:: Required action ::
Print the records exactly and in full, please; the pictures stay out.

────────

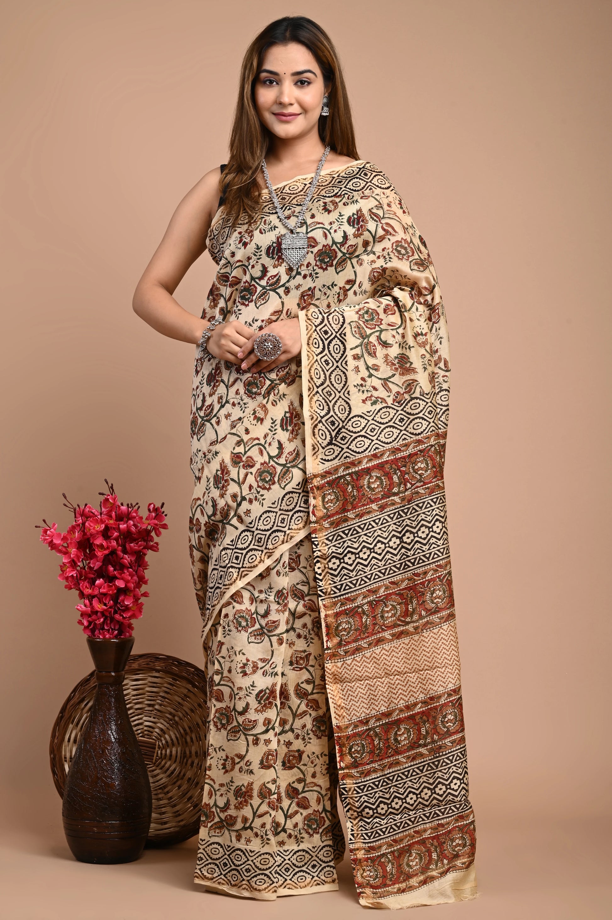 Hand Block Printed Chanderi Silk Saree (Bagru Print)
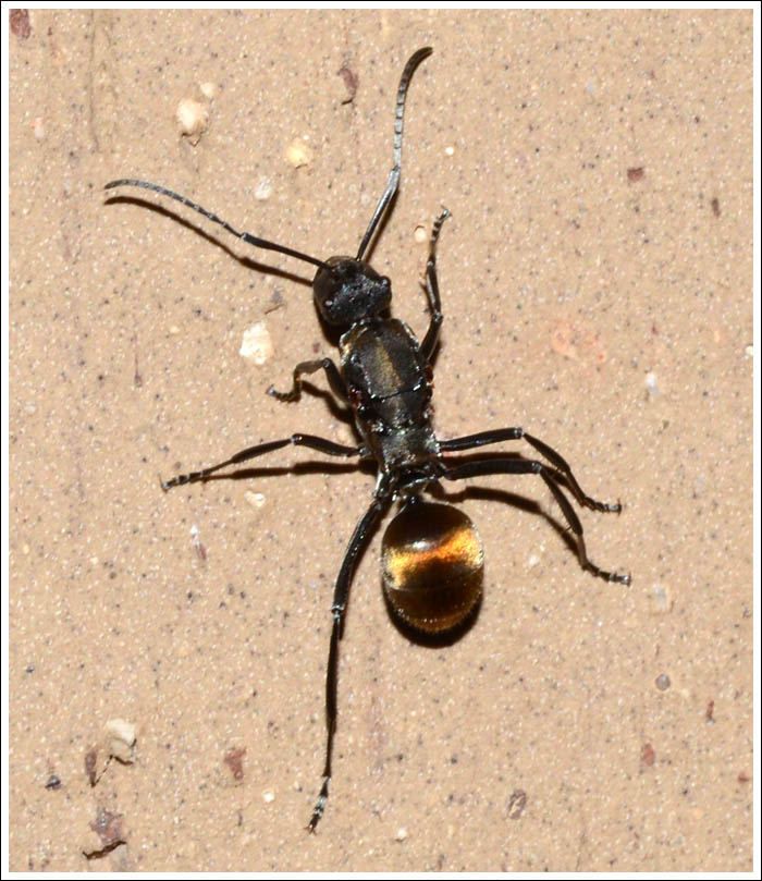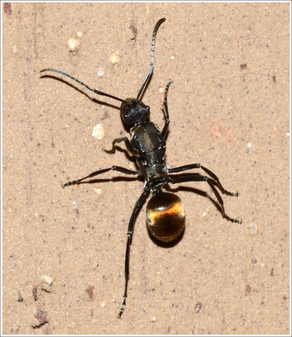 The Golden-tailed Spiny Ant, Polyrachis ammon has been spotted occasionally out in the bush, but for the first time one was seen on the wall of the house. Did it arrive in firewood, or is there a colony somewhere on the property….click to enlarge.
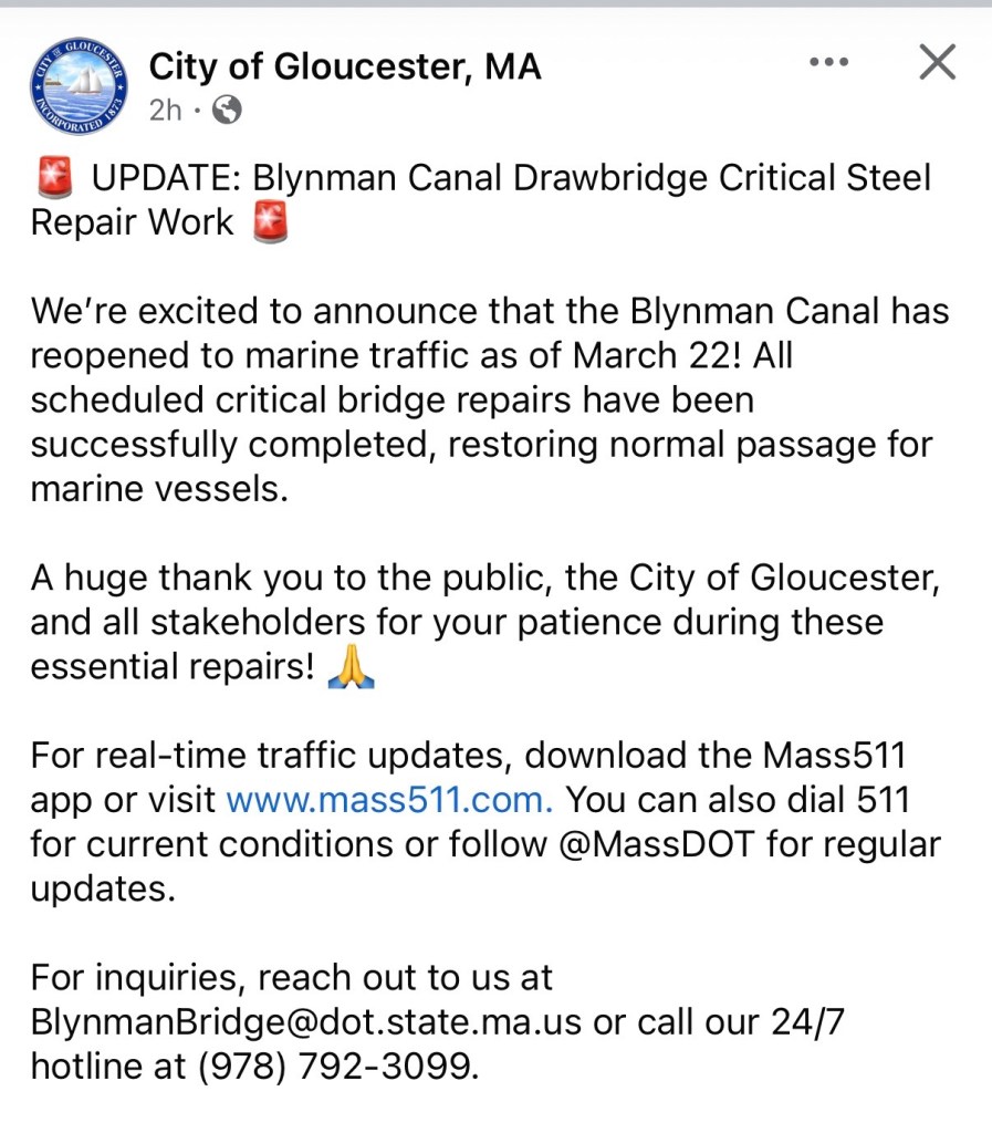 Update from City on Blynman Marine Traffic
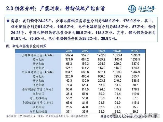 需求:我们预计24-25年,全球电解铜箔需求量分别为145.9万吨、176.9万吨,其中, 锂电铜箔分别为91.4万吨、119.9万吨,电子电路铜箔分别为54.5万吨、57万吨;预计 24-25年,中国电解铜箔需求量分别为99.9万吨、115.8万吨,其中,锂电铜箔分别为 61.8万吨、75.9万吨,电子电路铜箔分别为38.2万吨、39.9万吨。
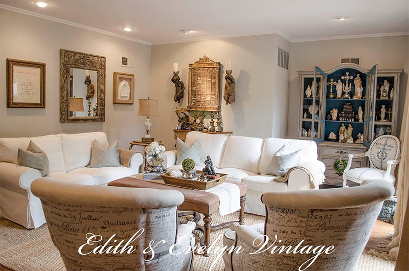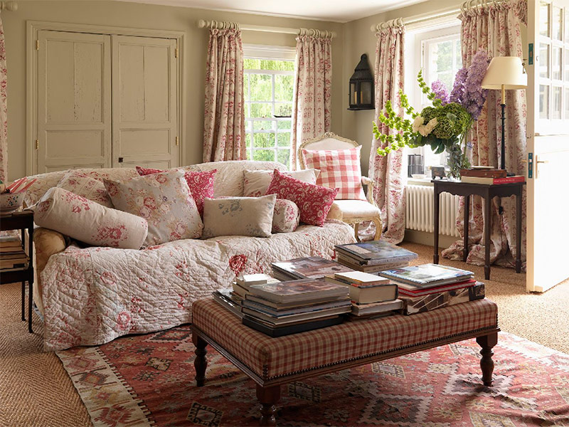 Je vous présente mon idée d'un salon très confortable et attrayant (image extraite du livre "Cabbage and Roses"). J'adore la façon dont la pièce est éclairée par les magnifiques fenêtres à battants situées de part et d'autre, et par les lourds rideaux de la longueur du sol qui encadrent la vue du jardin. Des murs de couleur neutre et chaude se marient parfaitement avec des tissus à fleurs et à carreaux délavés vintage qui créent une sensation de facilité et de confort. La cape du canapé confère non seulement un aspect encore plus confortable à la pièce, mais constitue également une excellente solution pratique pour les familles avec enfants en bas âge. L'empilement de livres et de magazines sur une table basse ou un repose-pieds est une excellente idée: ce «désordre créatif» renforce le sentiment de facilité.
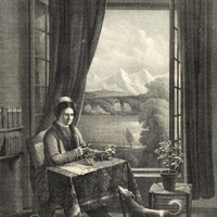 - «J. J. ROUSSEAU.» (en lettres grises) «Cette vue est prise de l'intérieur de la Chambre que Rousseau occupait en 1765, à l'Ile St. Pierre, sur le Lac de Bienne, en Suisse.» (en lettres anglaises) [sic]
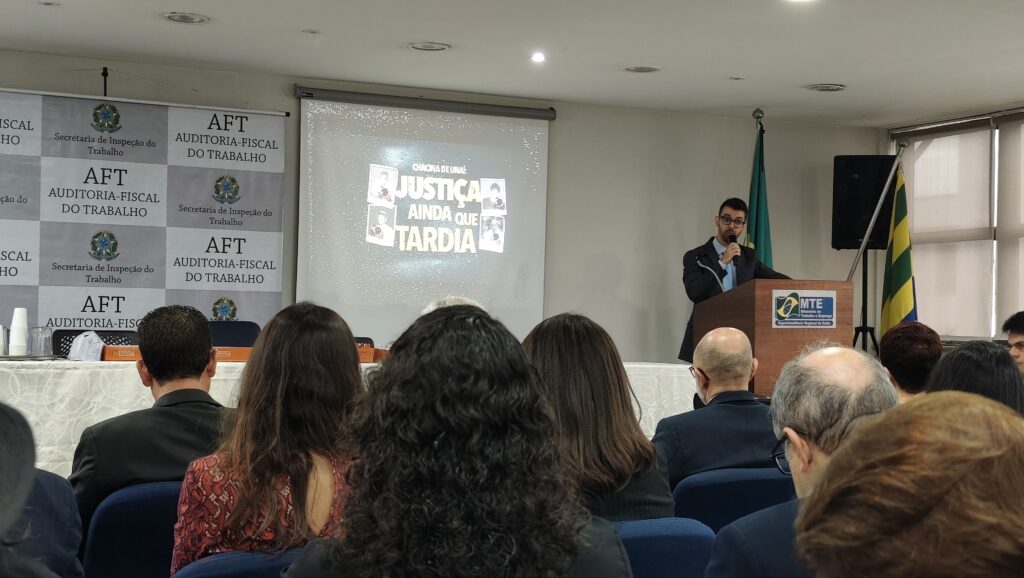 Na abertura da atividade na SRTE/GO, foi realizado um Ato de Memória pelos 22 anos da Chacina de Unaí. O momento contou com uma apresentação detalhada sobre o caso, resgatando a memória da luta dos familiares de Eratóstenes de Almeida Gonçalves, João Batista Soares Lage e Nelson José da Silva, Auditores-Fiscais do Trabalho, e de Ailton Pereira de Oliveira, o motorista que os conduzia. As quatro vítimas foram assassinadas em uma emboscada organizada pelos chamados “reis do feijão” do noroeste mineiro, em 28 de janeiro de 2004, e o ato também relembrou as mobilizações da categoria por justiça.

────────

:: Output of the exercise ::
 Hand Block Printed Chanderi Silk Saree (Bagru Print)
 The Golden-tailed Spiny Ant, Polyrachis ammon has been spotted occasionally out in the bush, but for the first time one was seen on the wall of the house. Did it arrive in firewood, or is there a colony somewhere on the property….click to enlarge.
 Update from City on Blynman Marine Traffic
 需求:我们预计24-25年,全球电解铜箔需求量分别为145.9万吨、176.9万吨,其中, 锂电铜箔分别为91.4万吨、119.9万吨,电子电路铜箔分别为54.5万吨、57万吨;预计 24-25年,中国电解铜箔需求量分别为99.9万吨、115.8万吨,其中,锂电铜箔分别为 61.8万吨、75.9万吨,电子电路铜箔分别为38.2万吨、39.9万吨。
 Je vous présente mon idée d'un salon très confortable et attrayant (image extraite du livre "Cabbage and Roses"). J'adore la façon dont la pièce est éclairée par les magnifiques fenêtres à battants situées de part et d'autre, et par les lourds rideaux de la longueur du sol qui encadrent la vue du jardin. Des murs de couleur neutre et chaude se marient parfaitement avec des tissus à fleurs et à carreaux délavés vintage qui créent une sensation de facilité et de confort. La cape du canapé confère non seulement un aspect encore plus confortable à la pièce, mais constitue également une excellente solution pratique pour les familles avec enfants en bas âge. L'empilement de livres et de magazines sur une table basse ou un repose-pieds est une excellente idée: ce «désordre créatif» renforce le sentiment de facilité.
 - «J. J. ROUSSEAU.» (en lettres grises) «Cette vue est prise de l'intérieur de la Chambre que Rousseau occupait en 1765, à l'Ile St. Pierre, sur le Lac de Bienne, en Suisse.» (en lettres anglaises) [sic]
 Na abertura da atividade na SRTE/GO, foi realizado um Ato de Memória pelos 22 anos da Chacina de Unaí. O momento contou com uma apresentação detalhada sobre o caso, resgatando a memória da luta dos familiares de Eratóstenes de Almeida Gonçalves, João Batista Soares Lage e Nelson José da Silva, Auditores-Fiscais do Trabalho, e de Ailton Pereira de Oliveira, o motorista que os conduzia. As quatro vítimas foram assassinadas em uma emboscada organizada pelos chamados “reis do feijão” do noroeste mineiro, em 28 de janeiro de 2004, e o ato também relembrou as mobilizações da categoria por justiça.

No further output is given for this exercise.